Can it really be a month since I posted? How things change and yet stay the same. After my mom’s assault her health has declined quite a bit. Still dealing with the nursing home, lawyers and hospitals. But last Thursday I got the now familiar call that my mom was headed back to the hospital. She was having chest discomfort so they took her in. She ended up staying in the emergency room for 17 hours before they got her a room. Then she was there until Monday, with a night in CICU. My dad was so lonely and scared in the nursing home by himself. I refuse to ask, what next, Lord?! My head literally spins with the needs of my family, both extended and here at home. I know God sees a way out of the tunnel I am in, but sometimes I don’t. All I really know for sure is that He loves me. Unconditionally. And I am to model my life after His. Oh, how difficult that is.
For those who read my blog with RADishes of their own, know that you are often my lifeline in human form. I read your blogs and am so grateful to know that others have experienced the same difficulty with adoption and children that are traumatized and damaged. God is the ultimate Healer but He can’t do His work unless these children will let Him. And it all starts with us moms. And I’ve been at this for almost 9 years and I still cry at the anger that I’m shown just because I love them. It’s twisted parenting. Seriously. Only if you have a child like this do you understand. And I read the support group postings online, too. This small little club is full of awesome men and women wanting to make a difference in the life of a child. And it’s the hardest thing I’ve ever done. The loneliest journey. The most unfair task. To take the blame for birth parents that did drugs, abused kids and gave them away like they were worthless. Trying to stay sane in the midst of insanity. And homeschool kids that would rather die than learn. Constant manipulation, lies, destruction of property and what I call “the poor orphan mentality.” I have the right to act this way because my parents abandoned me. You have the right to FEEL this way. You don’t have the right to HURT those who love you.

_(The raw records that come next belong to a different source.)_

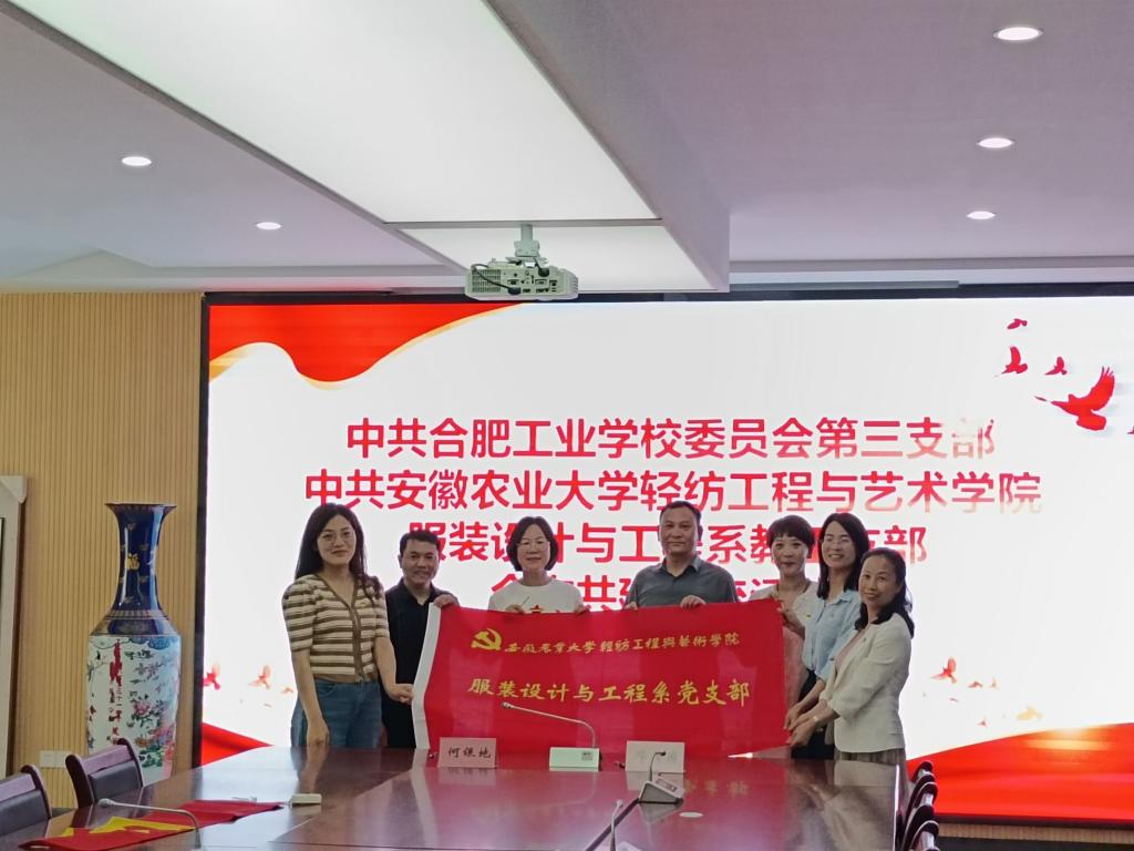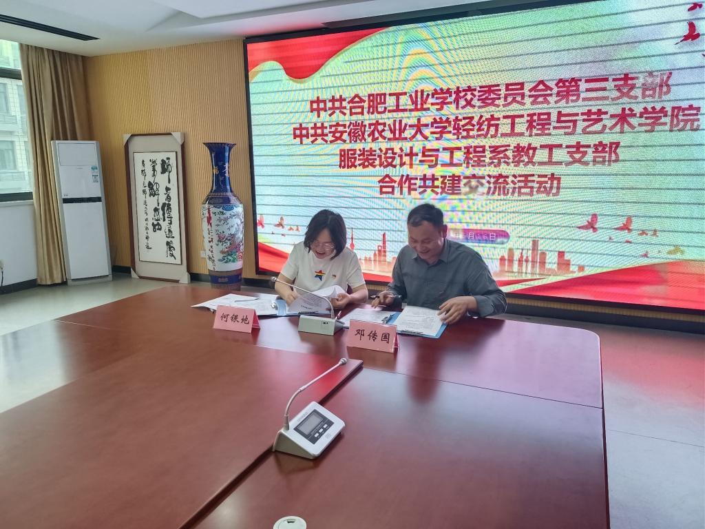 展评结束后,邓传国书记与何银地书记签署了中共合肥工业学校委员会第三支部与中共安徽农业大学轻纺工程与艺术学院服装设计与工程系教工支部合作共建协议,正式开启了支部共建活动。
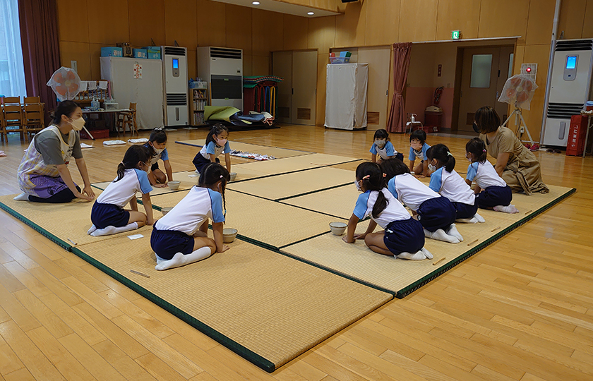 年少児からきちんと座ることを覚え、人の話に耳を傾ける習慣を身につける環境づくりを心掛けています。
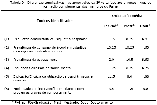 A comparação das apreciações dos membros do Painel com formação complementar face ao seus diversos níveis de formação complementar permitiu encontrar diferenças significativas em seis tópicos (Teste de Kruskall-Wallis; Tabela 9), nomeadamente: (1) “Psiquiatria comunitária vs Psiquiatria hospitalar” (c2k=6.313; p=0.043); (2) “Prevalência do consumo de álcool em cidadãos estrangeiros residentes no país” (c2k=7.139; p=0.028); (3) “Prevalência da esquizofrenia” (c2k=5.984; p=0.05); (4) “Influências culturais na saúde mental” (c2k=6.880; p=0.032); (5) Indicação/Eficácia da utilização de psicofármacos em crianças (c2k=6.375; p=0.041); e (6) “Modalidades de intervenção em crianças com problemas graves de comportamento” (c2k=6.210; p=0.045). À excepção do tópico (3) “Prevalência da esquizofrenia” constata-se que os membros do Painel com um doutoramento atribuíram um grau de prioridade mais baixo a todos os outros tópicos.
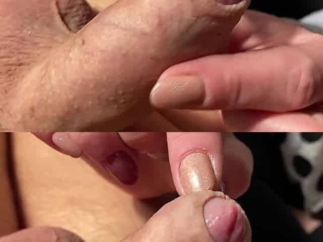 Foreskin and frenulum play with the hand with a double cumshot
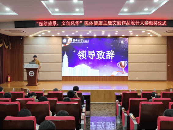 2025年12月8日晚,基础教学部“医绘盛景 文创风华”—医体健康主题文创作品设计大赛颁奖典礼在综合楼一楼学术报告厅举行,基础教学部党政领导吴忠寿、陈乾雄、陈燕玲出席,全体辅导员、教工第一党支部的老师及获奖同学们参加。至此,为期近一个月的医体健康主题文创作品设计大赛顺利落下帷幕。本次大赛由基础教学部主办,基础教学部教工第一党支部、基础教学部各学生党支部、基础教学部团委承办,基础教学部2024级、2025级团总支、遵义医科大学上春山汇学辅导员工作室、校区生命健康协会联合协办。

But I see S making strides and wanting my approval desperately. She can be a joy to be around, as long as M isn’t allowed to have any influence over her. She’s not strong enough to resist his anger and manipulation. But she’s getting there. M is stuck. Pure and simple. Stuck with his fears and his “I’m all alone” mentality. Refusing to see the truth. That his “real” parents have stuck with him through thick and thin. And continue to love him, as seemingly impossible as that feels. But love is not a feeling. It’s a choice. Say that with me. Say it again. It’s a choice. If I had to “feel” loving towards these kids they would have been booted out a long time ago. So would my husband, but that’s a different story! It’s the same choice Eve had with the serpent. Turn away from sin or take what looks good and pay the consequences. Everyday we must turn from the sin of our human nature and love unconditionally, rejecting Satan and his influence. Thank the Lord He wants to teach us this lesson over and over……and over and over. Ouch. My kids and your kids are worth the sacrifice. I believe that. I just have to remind myself sometimes. Okay, a lot of the times. Thank God for second chances, for us and our precious children.